“Giving Denise two whole sticks of candy.”

As Lucie gazed at him, she gradually acquired an expression that a dog has for a kind master. For the first time in her life she found it easier to give up her own will than to persist in it. This feeling was but a gleam, but it was not evanescent.

It was one of the happiest visits Lucie had ever paid in Bienville, for Sophie seemed a little more like her old self, and Captain Ravenel, too, was more cheerful. The story of the stand that Colonel Duquesne had taken about Madame Ravenel had leaked out mysteriously, and there was no danger of any further impertinence being offered Sophie Ravenel. The retired and blameless and self-sacrificing life the Ravenels led was beginning to be known. The ultra-virtuous still hounded Madame Ravenel over their tea-cups in the winter and their ices in the summer; but, although no one had invaded the retirement of the Ravenels so far, a number of people had begun the practice of speaking to them as they passed, and they were no longer avoided.
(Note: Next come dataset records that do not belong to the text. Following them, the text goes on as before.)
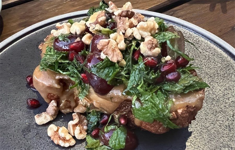 We also shared cauliflower steak, a popular dish on many menus these days. Rosemary’s version was yum. It features caramelised tahini, mixed herbs, grapes, dukkah, walnuts for crunch, and a pomegranate molasses dressing ($26). If it all sounds a bit much, don’t fret. The combination of textures, flavours and ingredients is magic.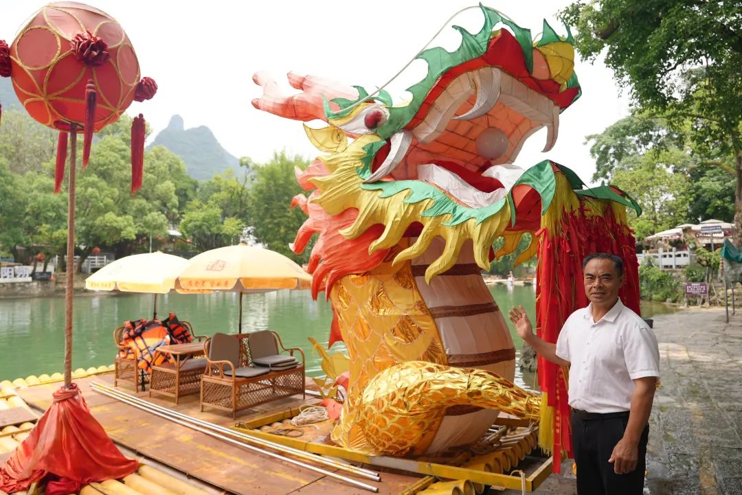 5月31日,龙凤呈祥的现场图。通讯员 夏立慧 摄 晚上7点半,巡游正式开始。“金龙”从遇龙桥上游开始,穿过遇龙桥,游至蟠龙洲,绕洲一周后便调头回到遇龙桥,与“金凤凰”相聚,整个巡游历时约1个小时。 “金龙巡游”背后的故事 阳朔县白沙镇遇龙村党总支书记、村委主任封志伟介绍:“‘金龙巡游’自2024年9月开始正式对外运营,游客们可以买票坐竹筏体验。” 如今,“金龙巡游”的吸引力越来越大,回忆起“金龙”背后的故事,封志伟自豪不已。 封志伟介绍,遇龙桥建于明朝永乐年间,距今600多年,有了遇龙桥便有了遇龙村。而遇龙河原名“安乐水”,后来改为遇龙河,村里还有块“遇龙石”,距离遇龙河仅百米。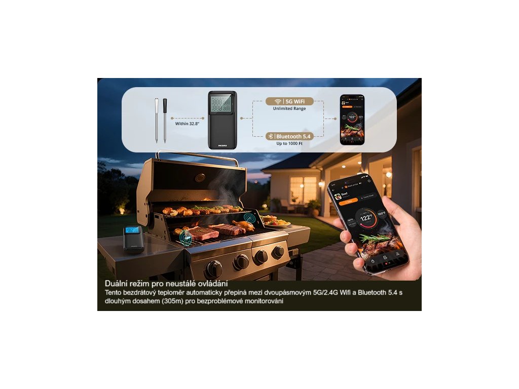 Duální připojení WiFi 5G + Bluetooth 5.4Tento bezdrátový teploměr na grilování nabízí dvoupásmové připojení WiFi 5G a 2.4G a Bluetooth 5.4 pro bezproblémové sledování. Doma můžete bez námahy sledovat svou kuchyňskou práci z ultra dlouhé vzdálenosti Bluetooth 305 m. Venku se automaticky přepne na připojení WiFi, takže vám nic neunikne.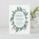 Watercolor leaves laurel and pink flower buds rustic wedding invitations for garden wedding, rustic woodland wedding or for wedding reception under the trees.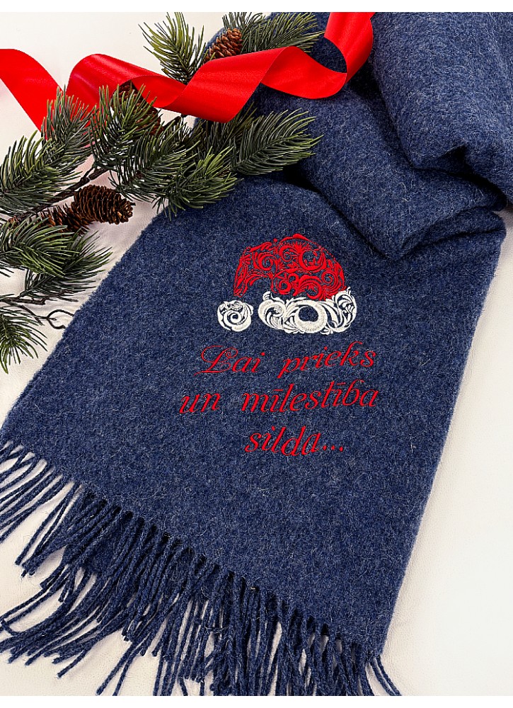 Vilnas pleds ar izšuvumu – Sirsnīga dāvana Ziemassvētkos, zils |ZS46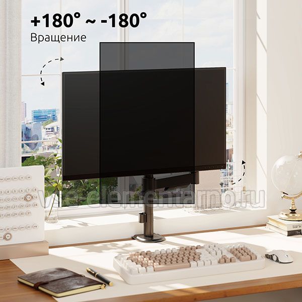 Кронштейн Uniteki FMGT91PIPE позволяет легко и плавно изменять ориентацию монитора вертикально / горизонтально за счёт газового амортизатора, который настраивается под вес любого монитора. Монитор дополнительно можно наклонять, поворачивать и вращать на 360°.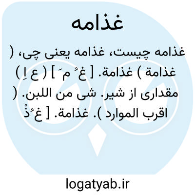 ( غذامة ) غذامة. [ غ ُ م َ ] ( ع اِ ) مقداری از شیر. شی من اللبن. ( اقرب الموارد ).

They even reached the point of courage to go sometimes and sit on the terrace, where the band played, and where the people sat at little tables, eating and drinking. One afternoon, shortly after Lucie had left, they were actually invited to sit at the same table with the Verneys. The Ravenels walked on the terrace, evidently looking for a table, but there was not a vacant one. There were, however, two unoccupied seats where Monsieur and Madame Verney and Paul sat, drinking eau sucré. The Ravenels were about to leave, when Madame Verney whispered something to her husband. Monsieur Verney at first shook his head, but Madame Verney persisted. That dream of her Paul marrying the beautiful, charming heiress into which Lucie Bernard was certain to develop had haunted the good woman’s brain, and she urged her husband, in a whisper, to invite the Ravenels to take the two vacant seats. Monsieur Verney, like a good, obedient husband, could not hold out long against his wife; and when the Ravenels passed, not dreaming that any one in Bienville would share a table with them, Monsieur Verney rose, and said politely:

“If you are looking for a place, Monsieur, there are two chairs vacant here—we shall be most happy if you will occupy them.”

Ravenel stopped, amazed, and the color poured into Sophie Ravenel’s beautiful, pale face, and in an instant more they were seated with the Verneys, the first social recognition they had had since that day when Delorme’s blow drove Sophie into Ravenel’s arms. After thanking Monsieur and Madame Verney, the Ravenels gave their modest order, and then, according to the polite manner of the French, they began to talk together.

Captain Ravenel at once recognized Paul, and made the boy’s heart leap with delight.

“And this young gentleman I recollect well, as having been most polite and attentive to Madame Ravenel once, when she fell ill in the park.”

The Verneys had known nothing of Paul’s share in that scene, and did not identify him at all with that memorable occasion which was known all over Bienville, when Sophie Ravenel had been so cruelly insulted. So Monsieur and Madame Verney beamed with delight while Captain Ravenel gravely thanked Paul.